A former selectman is suing Weare over a right-to-know dispute, but the outgoing chairman of the board of selectmen says she believes the town gave the disgruntled resident everything he’s requested.

Brian McDonald, who served as a Weare selectman from 2000 to 2004 and is now president of the Weare Athletic Club, has said the board of selectmen have repeatedly stonewalled him on requests for information about town legal expenses and settlements with former employees, and on certain committees’ affiliation with the town, or lack thereof.

“When I was a member of the board of selectmen, we gave the public the information they requested,” McDonald said. “This board has not been forthcoming with me.”

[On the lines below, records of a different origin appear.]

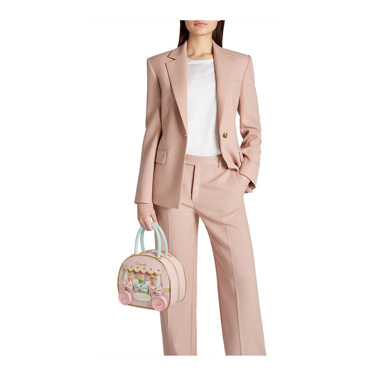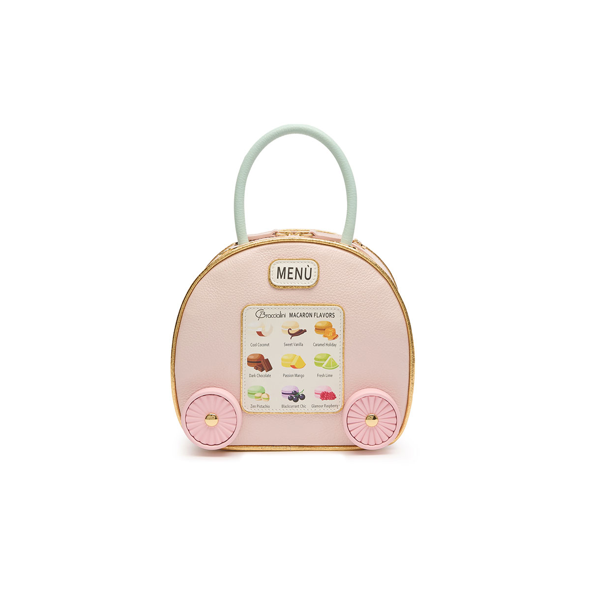 An irresistible top-handle bag inspired by a romantic sweet carriage. Crafted in delicate pastel shades of pink and light blue, it combines creativity and refinement in a unique and playful design. Soft bows blend harmoniously with the decorative curtain featuring golden details and raised wheels. On the back, a fun menu lists delicious macaron flavors, adding a whimsical and dreamy touch. Rigid double handles and a gold chain shoulder strap allow for versatile styling, making it a show-stopping yet functional accessory.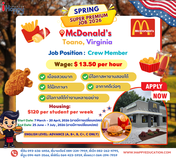 ข้อมูลข้างต้นอาจมีการเปลี่ยนแปลงขึ้นอยู่กับ US Sponsor และนายจ้างที่เข้าร่วมโครงการจากประเทศอเมริกาซึ่งทาง iHappy ไม่สามารถควบคุมได้และไม่มีส่วนได้เสียกับการเปลี่ยนแปลงใดๆ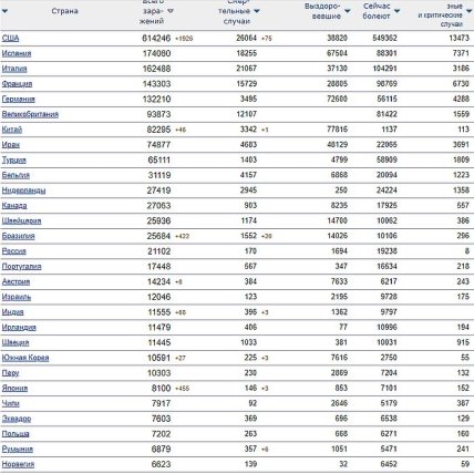 В частности, в США 614 246 случаев заболевания коронавирус, в Великобритании 93 873, Франции 143 303, Испании 174 060, Турции 65 111.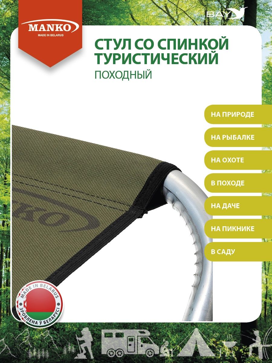 Стул со спинкой туристический складной от компании MANKO! Стул складной туристический отлично подходит для использования на рыбалке, охоте, пикнике, в туристическом лагере, дома, в подвале, гараже, квартире и также прекрасно подходит в качестве дачной мебели. Конструкция стула туристического складного позволяет компактно упаковать его для транспортировки. Каркас кресла изготовлен из аллюминия трубки диаметром 22 мм. Также стул складной туристический подходит для рыбалки, кресло садовое, кресло для отдыха, кресло раскладное, кресло шезлонг, рыболовный стул, кресло складное, кресло карповое, стул складной для рыбалки, стул для отдыха на природе, походное снаряжение, кресло для рыбалки, все для похода и туризма, кресло для кемпинга, стул со спинкой туристические зеленого цвета, кресло садовое, кресло для рыбалки. Идеальный подарок для мужчин. Стол туристический, садовая мебель, мебель пикник. Характеристики три варианта на выбор: 26*32*42 см (малый), 28*32*44 см (средний) и 33*39*51 см (большой). Высота спинки: 60 см, 67 см, 75 см. Нагрузка до 100кг. Вес стула со спинкой : 0,76г, 0,81г, 960г. Отличный аксессуар на рыбалке в походе. Подарок друзьям туристам, рыболовам!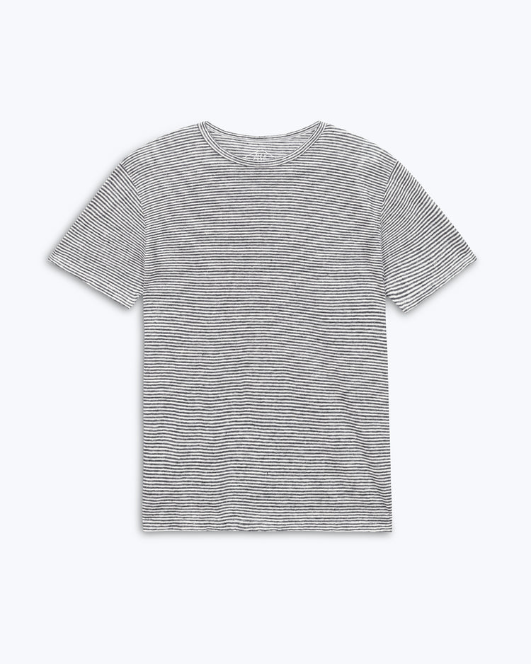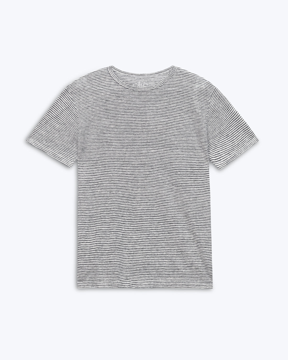 A yarn-dye striped linen t-shirt made with sustainably grown French linen, knit in Portugal and washed with biodegradable softeners.

The case was supposed to go to the Northern District of Hillsborough County Superior Court on Feb. 16 but was postponed. A second court date, set for March 30, was also postponed because McDonald will be out of the area on business.

Despite the delays in a court date, McDonald said he is determined to get answers.

McDonald said he filed his first right-to-know request by emailing town officials in October 2004, wanting to know how the last three town committees had been created, because he questioned if the process being used to form a new village water district.

McDonald said he never received satisfactory information on that request, but did not pursue it.

McDonald said he also met resistance from town officials regarding his efforts to determine the settlements awarded to former employees of the town and associated legal expenses.

Specifically, McDonald said he wanted to know details of any settlements given to former police chief Miles Rigney, former building inspector Everett Stone, and former finance administrator Elayne Pierson, as well as an unnamed former employee of the town police department.

“All I want to know is: What did it cost to get the people off the payroll in Weare?” McDonald said.

McDonald requested this information last August, and while he said he did receive information on that matter through the mail, all information about legal expenses was blacked out on the papers he received.

McDonald said he reached his breaking point when town officials refused to disclose financial records of the Weare Patriotic Committee, the committee that organizes the annual town’s patriotic celebration in July.

McDonald said he wanted to know why the group receives $6,000 from a warrant article every year, and also how electricity and rubbish removal is financed for the celebration, and if the police department absorbs the cost of manpower for officers stationed at the event.

McDonald also said he objects to the patriotic committee being able to use town offices when it is supposedly a private organization. Laura Buono, outgoing chairman of the board of selectman, served on the patriotic committee, along with Selectman Donna Osborne and Town Clerk Evelyn Connor.

McDonald said he recalls a parks and recreation meeting being bumped from the selectmen’s office because the patriotic committee was meeting there on one occassion.

However, Buono said members of the patriotic committee simply didn’t know the parks and recreation committee was planning to meet there.

“If somebody had said something, we would have let them use the room,” Buono said.

She also denied the board of selectmen has been withholding information from McDonald.

“As far as I know, we’ve given him everything he’s asked for,” Buono said.

McDonald said he has requested information about the Weare Patriotic Committe and was denied access to their records, which is why he filed his right-to-know suit in January.

He said the issues of employee settlements and the patriotic committee will be addressed at the hearing.

Following the postponment of the March 30 hearing, no new hearing date has been established.